Dataset entries
::::

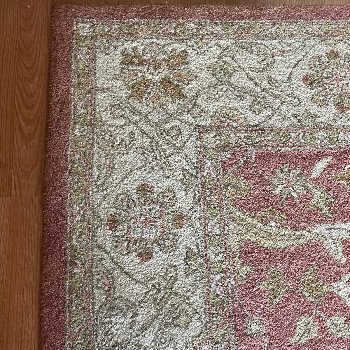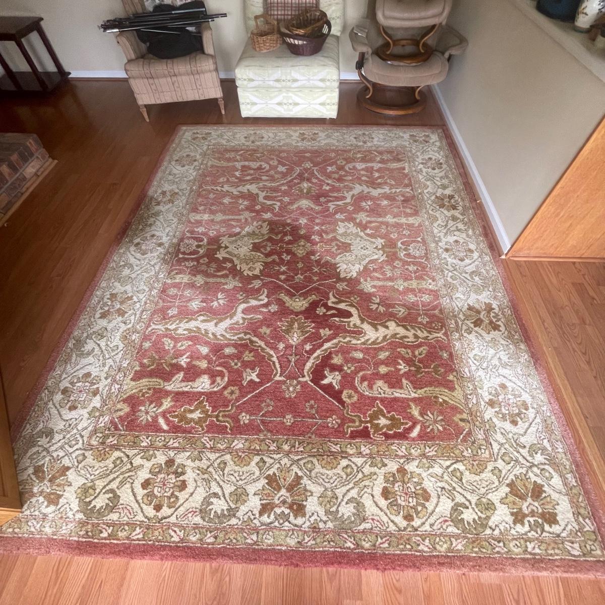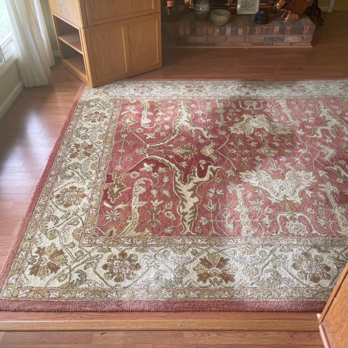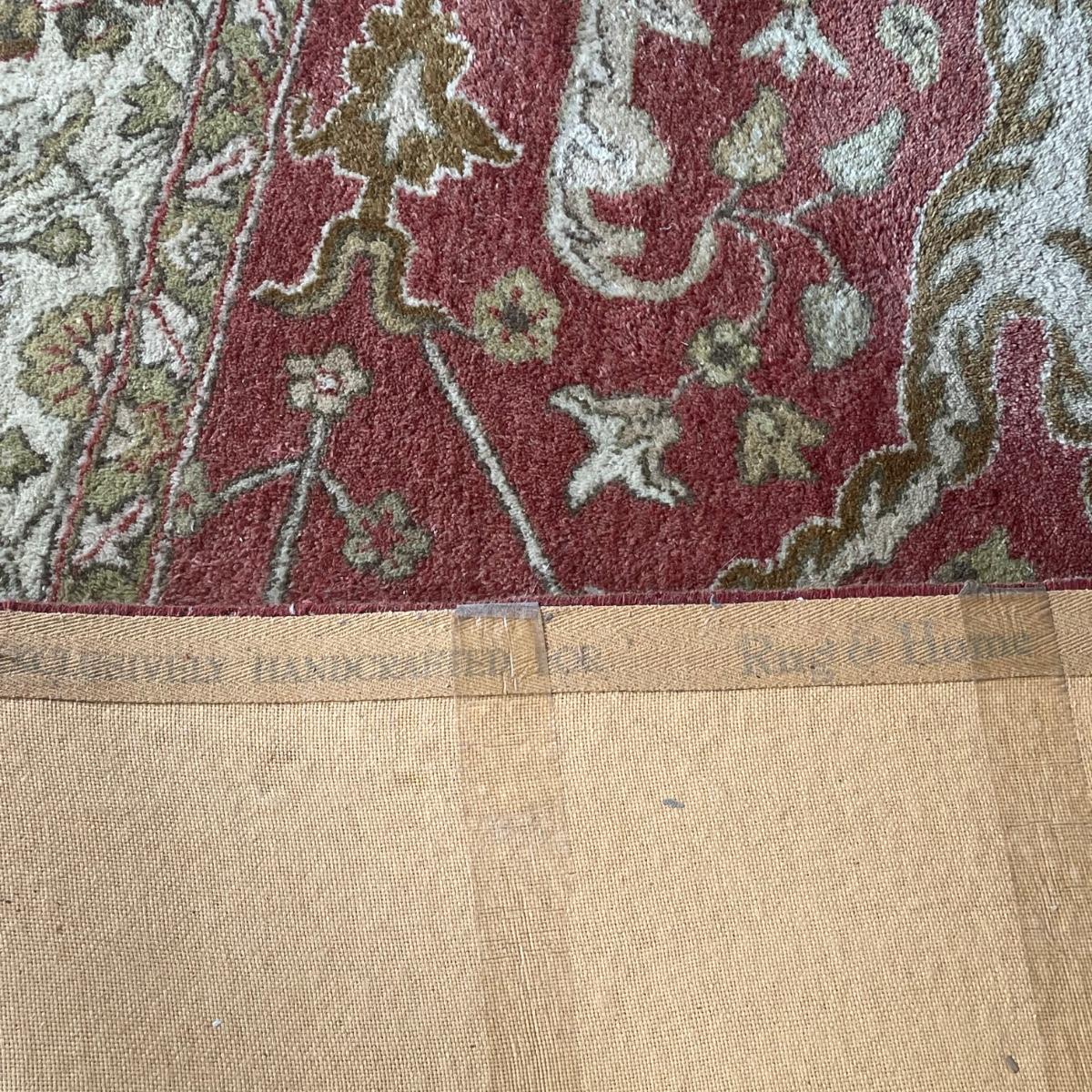 This large virgin wool pile rug from Rug & Home measures 7’6” x 9’6”. This super soft and thick rug does have some sun bleaching (darker areas have the original red/ivory colors whereas the red has faded to pink in approximately 75% of the remaining surface area). It is in good condition otherwise.
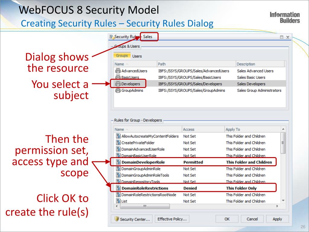 WebFOCUS 8 Security ModelCreating Security Rules – Security Rules Dialog Dialog shows the resource You select a subject Then the permission set, access type and scope Click OK to create the rule(s)
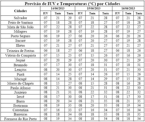 As estações do outono e inverno têm como característica a redução na incidência de radiação solar no Hemisfério Sul e, consequentemente, dos Índices de Radiação Ultravioleta (IUV's), como previsto para o período de 14/06 (sexta-feira) a 16/06 (domingo), quando os IUV's deverão variar de 06 a 08. Estes Índices fazem parte das categorias “Alta e Muito Alta”, segundo a Organização Mundial de Saúde (OMS). Os IUV's registrados durante as estações da primavera e verão podem chegar a categoria “Extrema” (com valor 14).
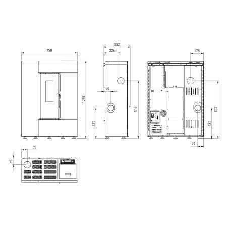 Tipp: Wir bieten Ihnen diesen Ofen auch mit oberem Rauchrohranschluss als Myrna Q Plus sowie ohne Warmluftkanalisierung als Pelletofen Myrna!
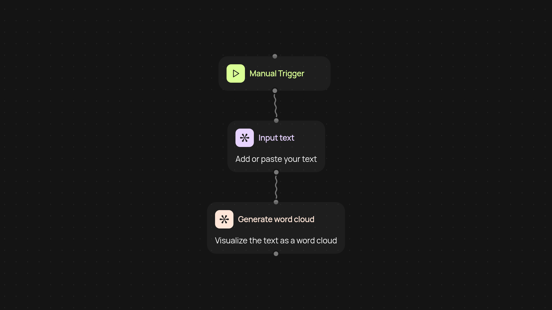 To set up your word cloud workflow, all you need is the text you want to visualize. The process starts with a trigger — you can run it manually whenever you want to summarize something new. The engine does the rest in the background, giving you a ready-to-use image. No special skills required; just bring your text and go from words to insight hands-free.
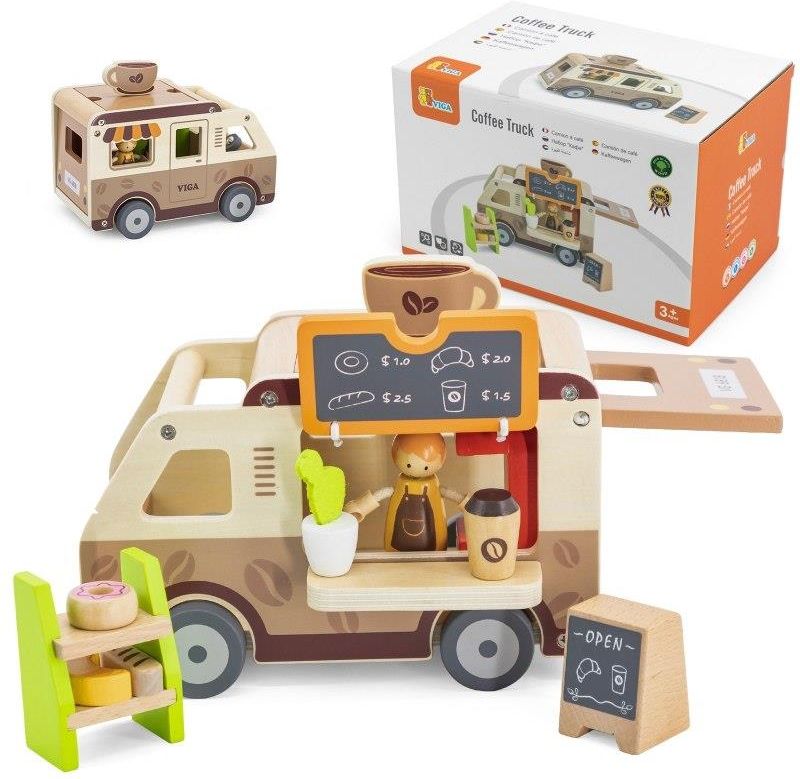 Viga 44689 Drewniana mobilna kawiarenkaDrewniana mobilna kawiarenka Viga 44689 to niezwykle kreatywna i starannie wykonana zabawka, która przenosi dzieci w fascynujący świat kawiarnianych przygód. Dzięki realistycznym elementom, maluchy mogą wcielać się w rolę baristy i obsługiwać swoich klientów, co sprawia, że zabawa staje się niezwykle wciągająca. Kawiarenka nie tylko dostarcza rozrywki, ale także wspiera rozwój dziecka na wielu płaszczyznach, rozwijając jego wyobraźnię, zdolności motoryczne i umiejętności społeczne.Mobilna kawiarenka od Viga to świetny sposób na wprowadzenie dzieci w świat codziennych czynności, które widzą na co dzień u dorosłych. Zabawa w przygotowywanie kawy i serwowanie posiłków rozwija empatię i zdolności komunikacyjne, ucząc maluchy interakcji w różnych sytuacjach. Solidna, drewniana konstrukcja oraz starannie dobrane w pastelowej kolorystyce, nietoksyczne farby sprawiają, że zabawka jest nie tylko estetyczna, ale także bezpieczna dla najmłodszych. Zestaw został zaprojektowany z myślą o rozwoju wyobraźni, zdolności manualnych i umiejętności społecznych dzieci, oferując jednocześnie wielogodzinną, twórczą zabawę. Idealny dla maluchów, które kochają przygody i marzą o własnym mobilnej kawiarni na kółkach!W zestawie:- Figurka baristy idealna do odgrywania roli profesjonalnego sprzedawcy kawy, - Półeczka na wypieki umożliwia prezentowanie pysznych przekąsek, - Donut, croissant i chleb realistyczne elementy, które dzieci mogą "sprzedawać" klientom, - Kubek z kawą podstawowy element każdej kawiarenki, - Roślina dekoracyjna zapewni estetyczny wygląd kawiarenki, - Tablica reklamowa z menu umożliwia dzieciom wycenę produktów, - Ekspres do kawy i stół realistyczne akcesoria do przygotowywania napojów, - Tablica informacyjna z funkcją otwierania z informacją, czy kawiarenka jest "otwarta" czy "zamknięta", Kamper wykonany z drewna, wykończony w przyjaznych kolorach, jest idealnymnarzędziem do rozwijania wyobraźni i umiejętności społecznych dzieci , co zapewnia realistyczne doznania podczas odgrywania ról. Zalety produktu: Wielofunkcyjność – zestaw obejmuje liczne akcesoria (figurka baristy, ekspres do kawy, ciastka itp.), które zapewniają różnorodne możliwości zabawy i angażują dziecko na długie godziny. Rozwój kreatywności i wyobraźni – dzieci mogą tworzyć własne scenariusze zabawy, co sprzyja rozwijaniu wyobraźni oraz twórczego myślenia. Zabawa w odgrywanie ról – kawiarenka pozwala na naukę poprzez zabawę, ucząc dzieci umiejętności społecznych, takich jak obsługa klienta, a także nawiązywania i utrzymywania relacji. Rozwój umiejętności społecznych – doskonała okazja do wspólnej zabawy z rodzeństwem czy przyjaciółmi, co sprzyja nauce współpracy i dzielenia się. Wspieranie zdolności manualnych – zabawa z ruchomymi elementami, ustawienie ciasteczek na półce czy innym akcesoriom, rozwija precyzję ruchów dłoni i koordynację ręka-oko. Rozwój umiejętności motorycznych – maluchy manipulując drobnymi elementami, takimi jak kubeczki, ciasteczka i figurki, poprawiają swoją koordynację ruchową oraz zdolności manualne. Nauka wartości pieniądza – dzięki dołączonej tablicy z cenami, dzieci mogą uczyć się podstaw matematyki i zarządzania "sprzedażą" poprzez zabawę.Bezpieczna zabawa – Zabawka wykonana jest z wysokiej jakości drewna i wykończona nietoksycznymi farbami, co zapewnia bezpieczeństwo podczas zabawy. Korzyści dla Dziecka:-Poprawa zdolności manualnych podczas układania elementów i manipulowania akcesoriami, - Rozwój wyobraźni dzięki odgrywaniu różnych scenariuszy związanych z podróżami i wakacjami, - Wspieranie interakcji społecznych, gdy dziecko bawi się wspólnie z rodzeństwem lub przyjaciółmi, rozwijając przy tym umiejętności komunikacyjne, - Nauka podstawowych pojęć związanych z podróżami, odpoczynkiem i rekreacją, w przyjazny i angażujący sposób. Jak korzystać z produktu:Dzieci mogą tworzyć różnorodne scenariusze związane z prowadzeniem kawiarni, przygotowywaniem kawy i wypieków, co stymuluje ich wyobraźnię. Mogą wcielać się w rolę baristy, klientów lub nawet dekoratora kawiarni, co sprzyja twórczemu myśleniu. Dzięki odgrywaniu ról dzieci uczą się podstawowych umiejętności społecznych, takich jak obsługa klienta, prowadzenie rozmowy czy współpraca z innymi. Zabawa w kawiarenkę pozwala im lepiej zrozumieć codzienne sytuacje, które widzą u dorosłych. Kawiarenka zachęca do wspólnej zabawy, co sprzyja nauce dzielenia się, współpracy i wzmacniania więzi z rówieśnikami. Dzieci mogą bawić się w grupie, co uczy je empatii i współpracy. Własna "kawiarenka" to szansa na naukę samodzielnego podejmowania decyzji. Dzieci muszą same zarządzać zamówieniami, obsługiwać klientów i organizować przestrzeń, co wzmacnia poczucie odpowiedzialności.Dzięki tablicy z cenami, dzieci mogą uczyć się podstaw liczenia i wartości pieniądza, co wprowadza je w świat podstawowej matematyki poprzez zabawę. Dzięki tym wszystkim korzyściom, drewniana kawiarenka mobilna Viga 44689 jest nie tylko świetną zabawką, ale także narzędziem wspierającym rozwój dziecka w wielu kluczowych obszarach. Elementy zabawki zostały zapakowane w estetyczny, kolorowe pudełko, dzięki temu estetycznemu opakowaniu zabawka jest idealna na prezent! Całość wykonana została z drewna bukowego i pomalowana farbami, które zadowolą każdego użytkownika i dadzą mnóstwo radości z zabawy. Naszym priorytetem jest bezpieczeństwo i jakość oferowanych produktów, dlatego dbamy o to aby farby, którymi malujemy nasze zabawki spełniały normy bezpieczeństwa ( EN71 i ASTM). Zabawka przeznaczona dla dzieci powyżej 3 roku życia. Wymiary produktu:Dł.190 mm x wys. 150 mm x szer. 118 mm Wymiary opakowania:Dł.23 mm x wys. 150 mm x szer. 150 mm Waga netto:

::::

What should come back is an exact copy of the lines above from the line with "Tipp: Wir bieten" to the line with "To set up your", both included, minus the pictures.

 Tipp: Wir bieten Ihnen diesen Ofen auch mit oberem Rauchrohranschluss als Myrna Q Plus sowie ohne Warmluftkanalisierung als Pelletofen Myrna!
 To set up your word cloud workflow, all you need is the text you want to visualize. The process starts with a trigger — you can run it manually whenever you want to summarize something new. The engine does the rest in the background, giving you a ready-to-use image. No special skills required; just bring your text and go from words to insight hands-free.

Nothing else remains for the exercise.